• [Data to examine]:
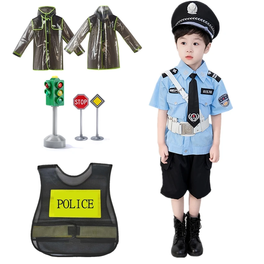 Рождественский подарок, Детский костюм для косплея, полицейская форма, полицейский жилет, топ, светофорный плащ, дождевик для девочек и мальчиков, для Хэллоуина, карнавала Вечерние
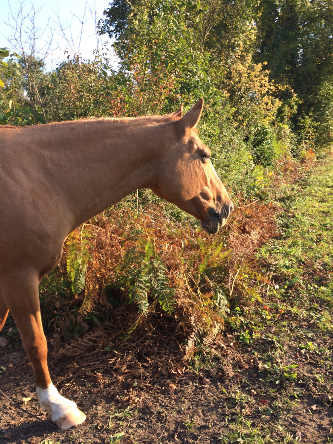 Hier balade de 10 kilomètres avec une belle frousse ! En voulant re-sangler j'ai mis pieds à terre . Sauf que je n'avais pas vue le fesan dans le buisson .. il à surgit juste sur le côté, Or à fait un écart .. mes étriers lui on fait peur du coup départ au galop ! Et la bipède que je suis se retrouve seule et a pieds sans rien avoir compris !
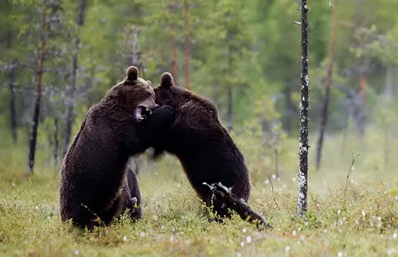 Det var en magiskt natt i mitt fotogömsle i slutet av juni. Dimmorna dansade över den vackra myren bland myrtallar och blommande tuvull.Och som pricken över i så lyckades jag mitt i den ljusa sommarnatten få några bilder på 2 björnar som slogs. Så när solen började att varma i den tidiga morgonen så sommande jag mycken nöjd med ett leende på läpparna. Detta var en naturupplevelse som jag aldrig ska glömma.
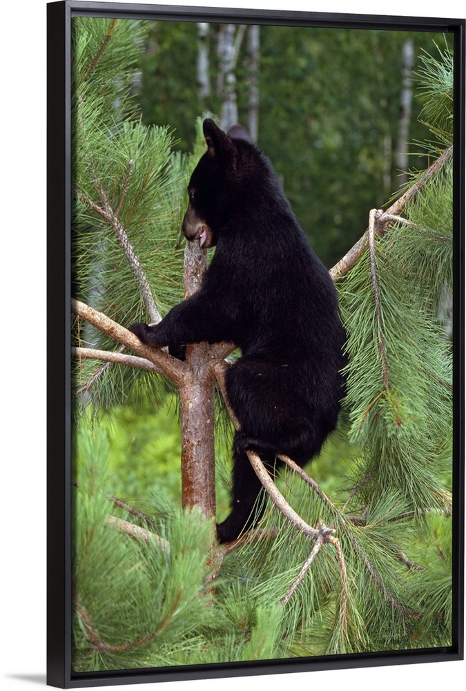 <p>Vertical image print of a baby bear climbing a tree with a forest in the background.</p>
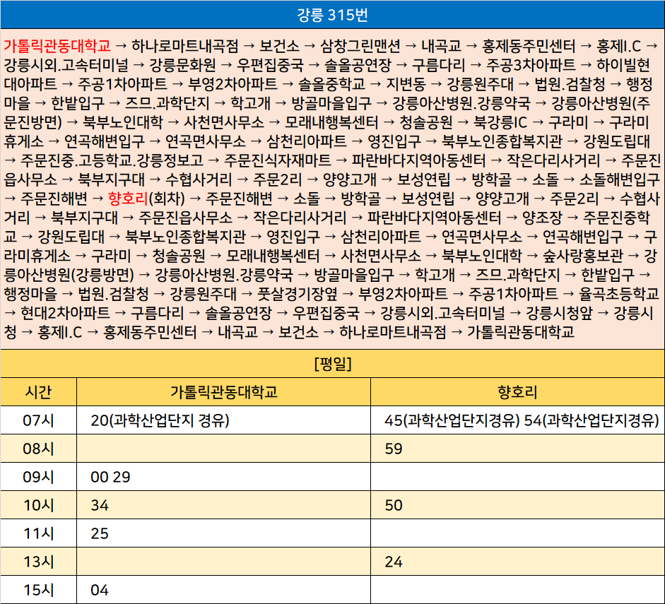 강릉 315번: 가톨릭관동대학교 → 하나로마트내곡점 → 보건소 → 삼창그린맨션 → 내곡교 → 홍제동주민센터 → 홍제I.C → 강릉시외.고속터미널 → 강릉문화원 → 우편집중국 → 솔올공연장 → 구름다리 → 주공3차아파트 → 하이빌현대아파트 → 주공1차아파트 → 부영2차아파트 → 솔올중학교 → 지변동 → 강릉원주대 → 법원.검찰청 → 행정마을 → 한밭입구 → 즈므.과학단지 → 학고개 → 방골마을입구 → 강릉아산병원.강릉약국 → 강릉아산병원(주문진방면) → 북부노인대학 → 사천면사무소 → 모래내행복센터 → 청솔공원 → 북강릉IC → 구라미 → 구라미휴게소 → 연곡해변입구 → 연곡면사무소 → 삼천리아파트 → 영진입구 → 북부노인종합복지관 → 강원도립대 → 주문진중.고등학교.강릉정보고 → 주문진식자재마트 → 파란바다지역아동센터 → 작은다리사거리 → 주문진읍사무소 → 북부지구대 → 수협사거리 → 주문2리 → 양양고개 → 보성연립 → 방학골 → 소돌 → 소돌해변입구 → 주문진해변 → 향호리(회차) → 주문진해변 → 소돌 → 방학골 → 보성연립 → 양양고개 → 주문2리 → 수협사거리 → 북부지구대 → 주문진읍사무소 → 작은다리사거리 → 파란바다지역아동센터 → 양조장 → 주문진중학교 → 강원도립대 → 북부노인종합복지관 → 영진입구 → 삼천리아파트 → 연곡면사무소 → 연곡해변입구 → 구라미휴게소 → 구라미 → 청솔공원 → 모래내행복센터 → 사천면사무소 → 북부노인대학 → 숲사랑홍보관 → 강릉아산병원(강릉방면) → 강릉아산병원.강릉약국 → 방골마을입구 → 학고개 → 즈므.과학단지 → 한밭입구 → 행정마을 → 법원.검찰청 → 강릉원주대 → 풋살경기장옆 → 부영2차아파트 → 주공1차아파트 → 율곡초등학교 → 현대2차아파트 → 구름다리 → 솔올공연장 → 우편집중국 → 강릉시외.고속터미널 → 강릉시청앞 → 강릉시청 → 홍제I.C → 홍제동주민센터 → 내곡교 → 보건소 → 하나로마트내곡점 → 가톨릭관동대학교
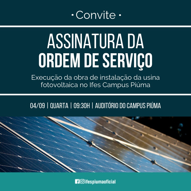 Será assinada na próxima quarta-feira, dia 04 de setembro, no auditório do IFES Campus Piúma, às 9:30h, a ordem de serviço para execução da obra de instalação da primeira *usina fotovoltaica da região litoral sul do Espírito Santo.
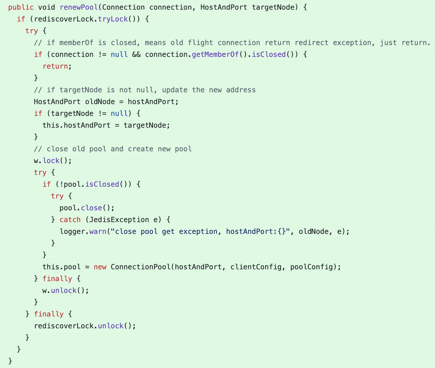在支持无感切换的过程中,特别解释下如何处理 in flight 的连接:即对于连接池中同时并发访问的链接,如果某条或者多条同时遇到了-REDIRECT之后,通过一个二段锁来控制重新初始化连接池的过程:
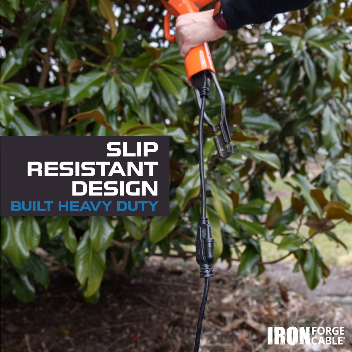 Q: How does the slip-resistant design of this extension cord benefit users?A: The slip-resistant design of the Iron Forge Cable extension cord enhances safety by preventing accidental disconnections during use, making it ideal for outdoor projects and landscaping tasks.
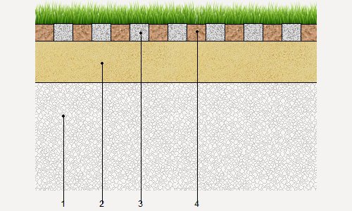 | Pavimento drenante, com peças pré-fabricadas de betão e relva | ||
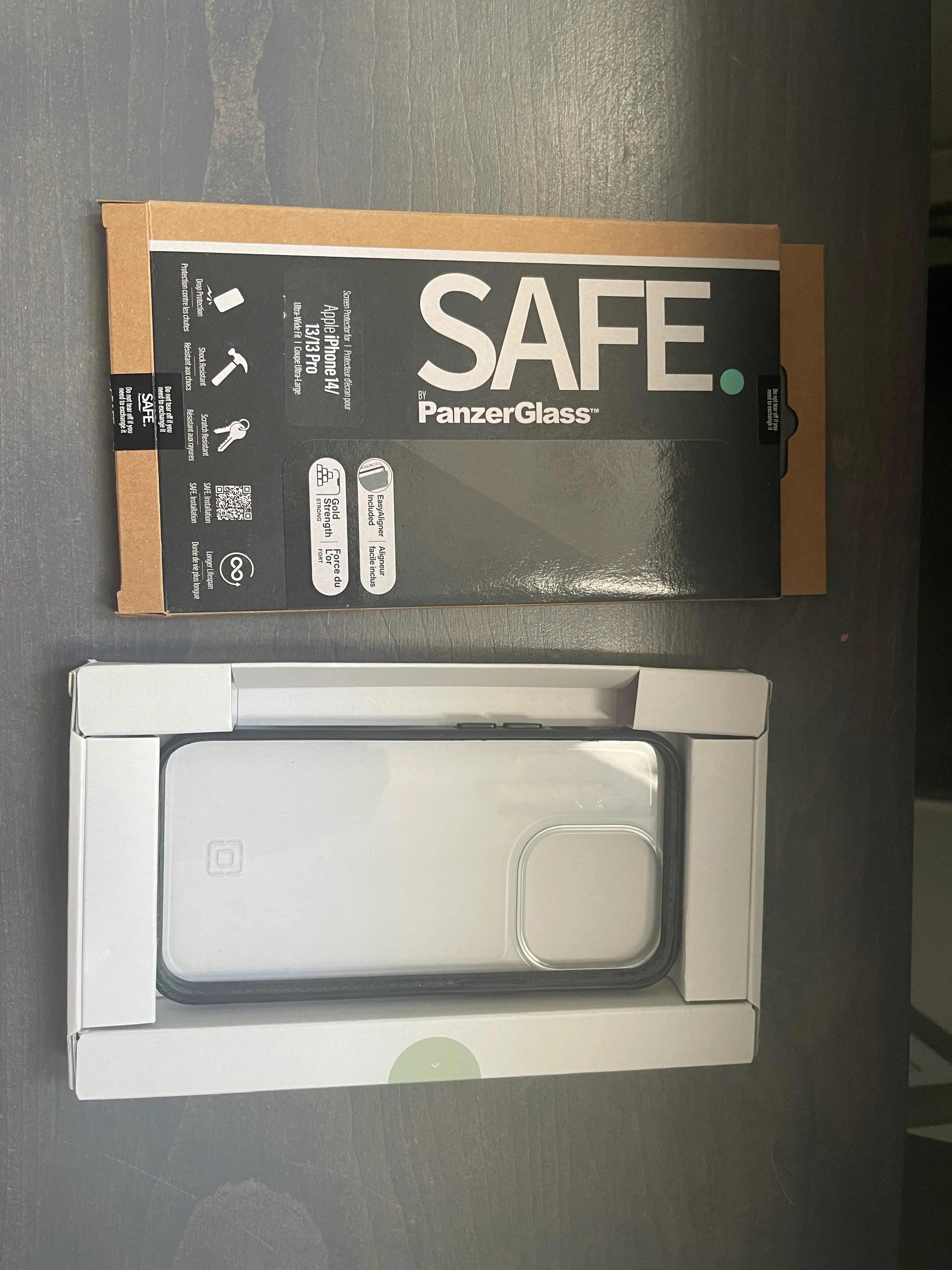 iPhone 13/14 PRO glass screen protector. iPhone 13 PRO Incipio Organicore Clear Charcoal case.
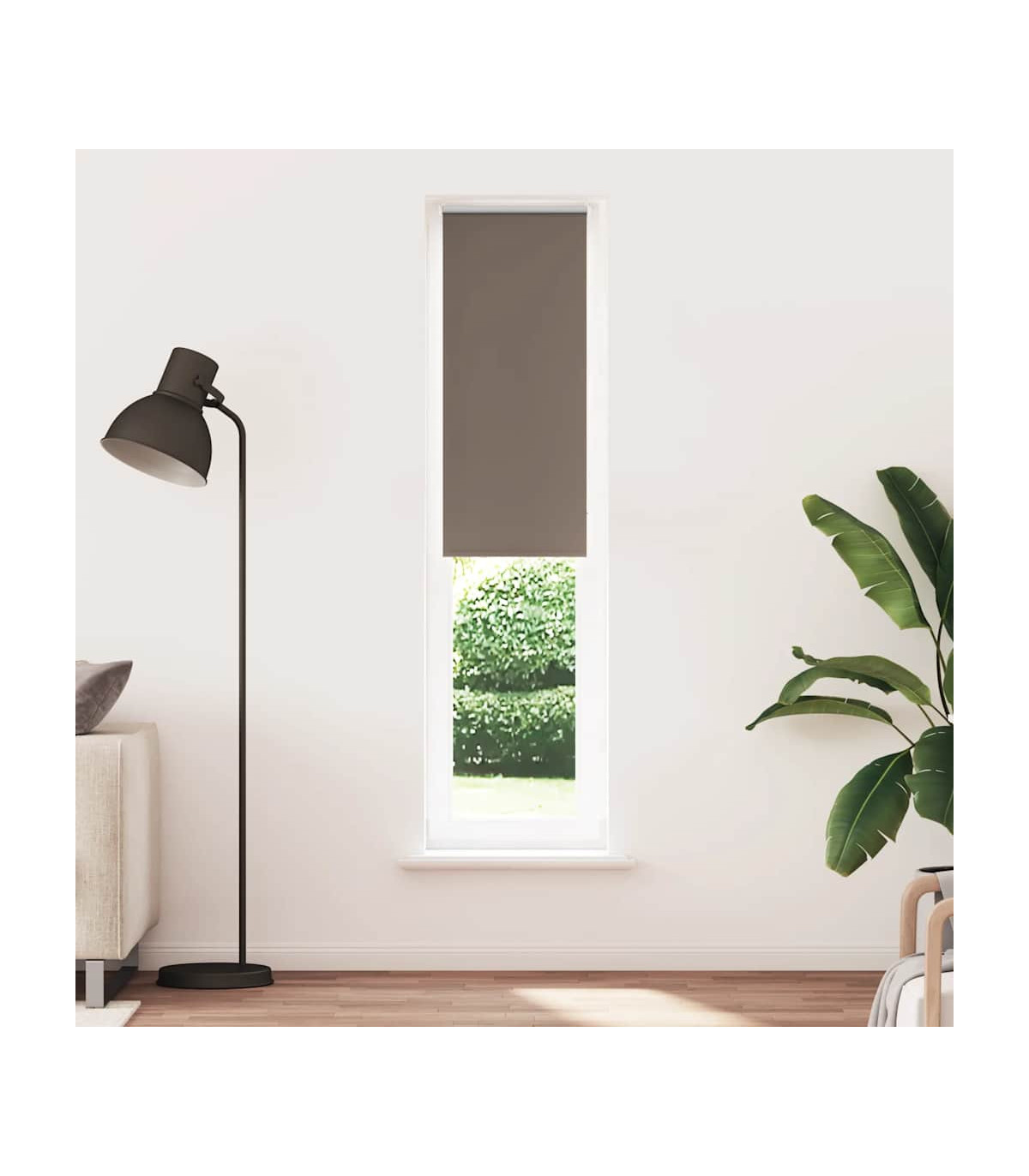 Elevate your room's style and functionality with this roller blind, providing privacy, light control, and heat regulation. Durable and low maintenance: Made from 100% polyester, the roller blind is built to last and resist wear and tear. They are also easy to clean, typically requiring light dusting or wiping with a damp cloth.Privacy and light control: Thanks to the blackout design, this roller blind provides privacy and partially blocks direct sunlight so that you can regulate the indoor temperature according to your needs.Multiple mounting methods: You can attach the roller blind to the wall or window with screws or without drilling using clamping brackets, depending on your needs. Clamping brackets for window frame rebate thickness between 1,6 and 2,5 cm.Child safety and adjustability: The roller blind includes a chain connector that makes it easy to adjust the height according to your needs, and it also has a cord clip to add child safety.Wide applications: This versatile roller blind is suitable for homes, offices, cafes, office buildings, and so on. Warning: Keep cords out of the reach of young children. Cords may become wrapped around a child’s neck. Good to know:Before buying blinds, start by measuring your window glass. Just a friendly tip: the fabric is a bit narrower than the total width, including the brackets.To make sure your new blinds provide complete coverage, just add 4,3 cm to the width of the window glass when calculating what to order.
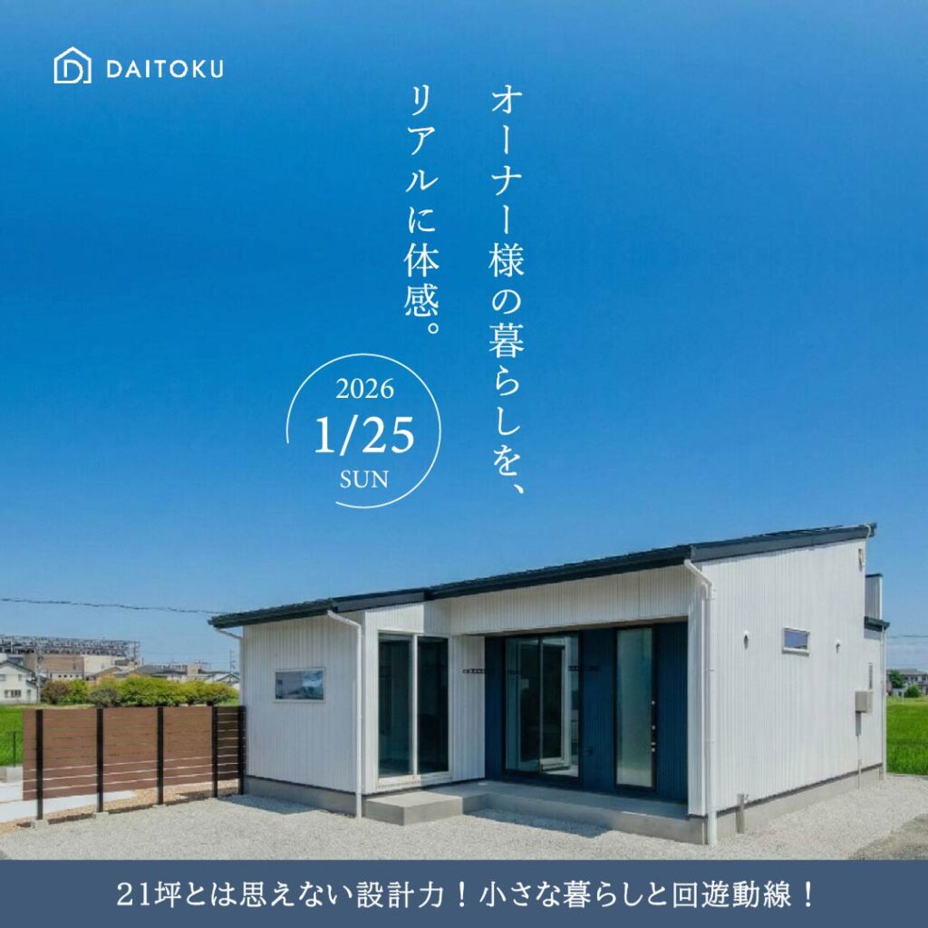 21坪のコンパクトな平屋を実際に歩くことで、「この広さで足りるのか」「平屋は自分たちに合うのか」を現実的な目線で確認できます。

• [Problem details]: What you return must match, character for character, the lines above from the one with "Q: How does" through the one with "iPhone 13/14 PRO", minus any pictures.

• [Solution to this problem]:
 Q: How does the slip-resistant design of this extension cord benefit users?A: The slip-resistant design of the Iron Forge Cable extension cord enhances safety by preventing accidental disconnections during use, making it ideal for outdoor projects and landscaping tasks.
 | Pavimento drenante, com peças pré-fabricadas de betão e relva | ||
 iPhone 13/14 PRO glass screen protector. iPhone 13 PRO Incipio Organicore Clear Charcoal case.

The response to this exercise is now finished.